▶ **Working data**:
::::

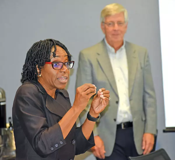 Kathy Boswell from the Healthcare Experience Foundation makes a point during Tuesday’s meeting of the Greenwood Leflore Hospital Board. Behind Boswell is Al Stubblefield, also from the Florida-based consulting firm that has been hired to help the hospital improve patient satisfaction.
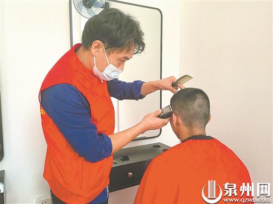 “志超哥哥,你來(lái)啦!”上午9時(shí)許,潘志超走進(jìn)泉州市殘疾人托養(yǎng)中心生活體驗(yàn)區(qū)的模擬理發(fā)室時(shí),已有幾位“顧客”在門(mén)口等待。他和4名團(tuán)隊(duì)成員立刻穿上工作服,拿起剪刀、梳子等工具,在理發(fā)室忙活起來(lái)。
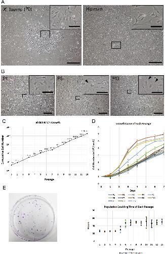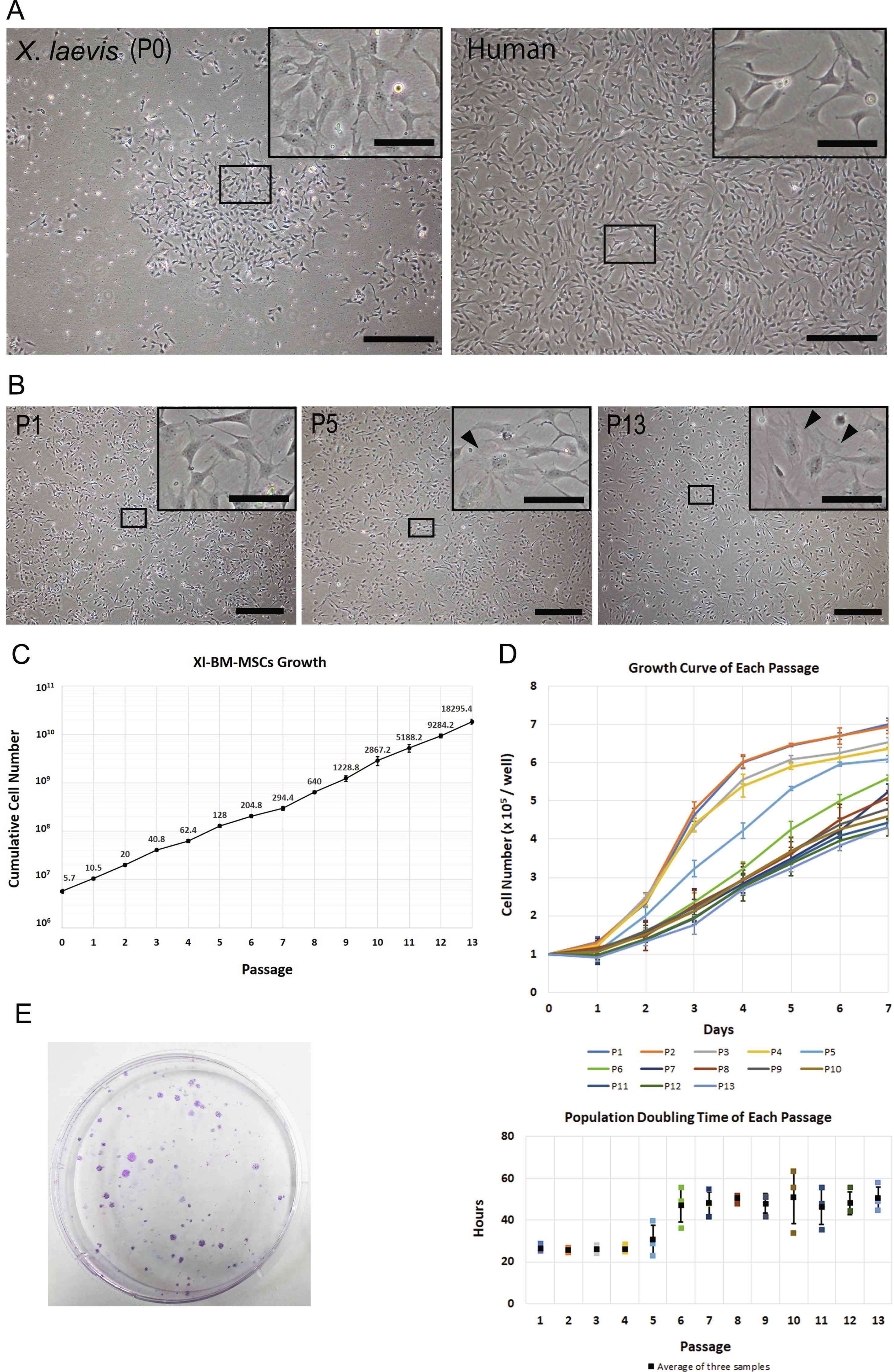 Fig. 2. Characteristics of Xl-BM-MSCs. (A) Comparison of the cell morphology between Xl-BM-MSCs and human BM-MSCs (scale bar = 500 μm). The black box is a magnified view (scale bar = 100 μm). (B) Comparison of the cell morphology among passaged Xl BM-MSCs. Black arrowheads indicated cells with flat shape and spread cytoplasm (scale bar = 500 μm). The black box is a magnified view (scale bar = 100 μm). (C) Growth curve of Xl-BM-MSCs. Cells growth was observed until P13. Data show the mean of triplicate independent samples and the error bars represent the SD. (D) Growth curve and PDT of each passage. Cells were reseeded in 6-well culture plates at a density of 1 à 105 cells/well to observe cell growth and PDT at each passage. PDT in the log phase (cells increased exponentially) was calculated by the formula: PDT = T à ln(2)/ln(Xe/Xb). T: log phase time (from day 1 to day 3). Xb: cell number at the beginning of log phase. Xe: cell number at the end of log phase. Data show the mean of triplicate independent samples and error bars represent the SD. (E) CFU assay of Xl-BM-MSCs. 2 à 105 fresh Xl-BM-derived mononuclear cells seeded in a 10-cm plastic dish. After 12 days, the cells were fixed and stained with Giemsa stain solution.
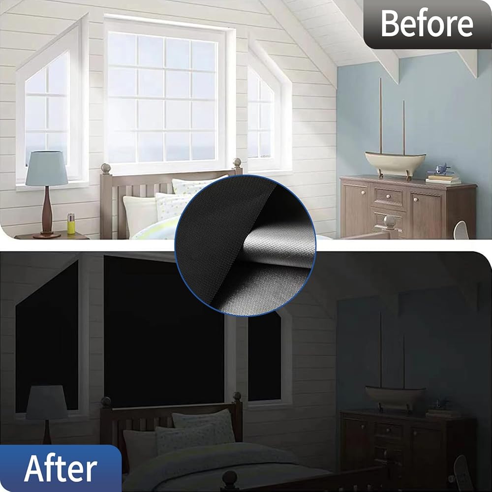 【Adjustable Size】: 2 Packs 118*57inch Our temporary blackout shades are incredibly flexible and can be tailored to fit any indoor window shape or size, including popular styles such as bay windows, skylights, and even car windows. With their generous dimensions and easy cutting process, they're perfect for windows of various sizes, ranging from small to extra large.
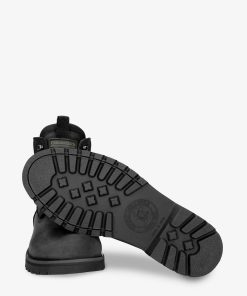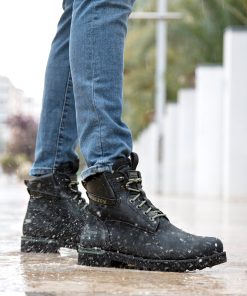 Botín de hombre. Piel Nobuck Negro WATERPROOF. Cierre de cordones. Forro interior de Gore-Tex®. Plantilla anatómica extraíble. Suela de caucho natural, flexible y resistente. Altura caña: 14 cm. Altura tacón: 4 cm. 100% Hecho en España.
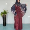 Printed Abaya, “neon yellow linen with white piece on hand & front”
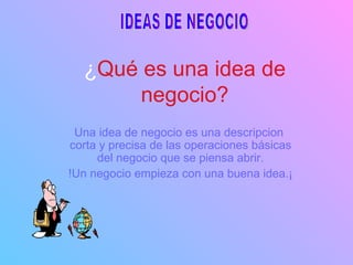 El documento describe los pasos para desarrollar una buena idea de negocio. Explica que una idea de negocio debe identificar el producto o servicio, clientes objetivo, forma de venta y necesidad que satisfará. Además, detalla 5 pasos clave: 1) identificar necesidades locales, 2) generar ideas de negocio, 3) realizar un macrofiltro, 4) realizar un microfiltro, y 5) hacer un análisis FODA para seleccionar la mejor idea.
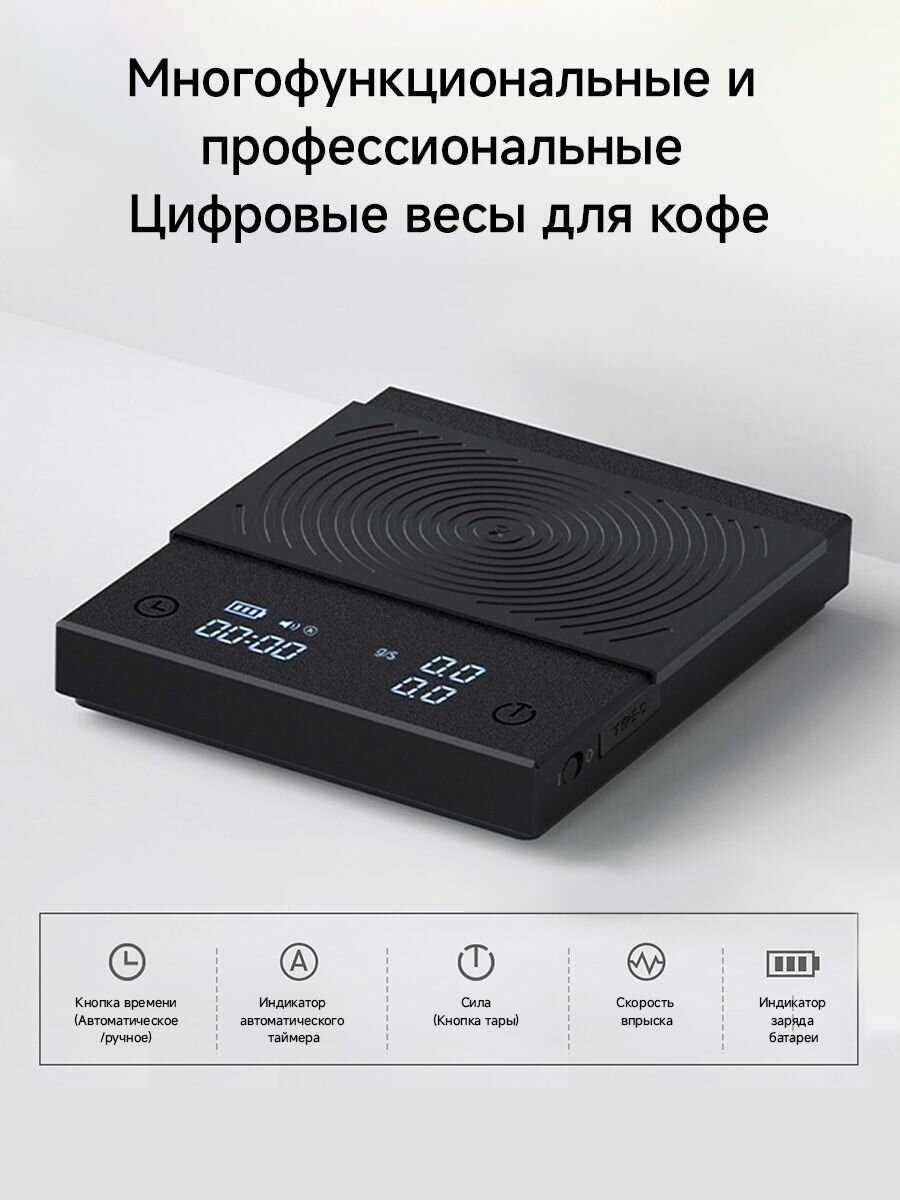 2. [добавлены функция измерения расхода и автофункция] - Эти цифровые весы для эспрессо, помимо встроенного таймера, оснащены функцией измерения скорости потока, которая поможет вам отточить скорость и силу наливания при приготовлении ароматного кофе. А функция автоматического отсчета времени автоматически включится, когда весы почувствуют изменение веса.

::::

▶ **What is required**: Taking the entries above, extract every line from the one bearing "yellow linen with" through the one bearing "El documento describe", exactly, with no pictures.

▶ **Exercise response**:
 Printed Abaya, “neon yellow linen with white piece on hand & front”
 El documento describe los pasos para desarrollar una buena idea de negocio. Explica que una idea de negocio debe identificar el producto o servicio, clientes objetivo, forma de venta y necesidad que satisfará. Además, detalla 5 pasos clave: 1) identificar necesidades locales, 2) generar ideas de negocio, 3) realizar un macrofiltro, 4) realizar un microfiltro, y 5) hacer un análisis FODA para seleccionar la mejor idea.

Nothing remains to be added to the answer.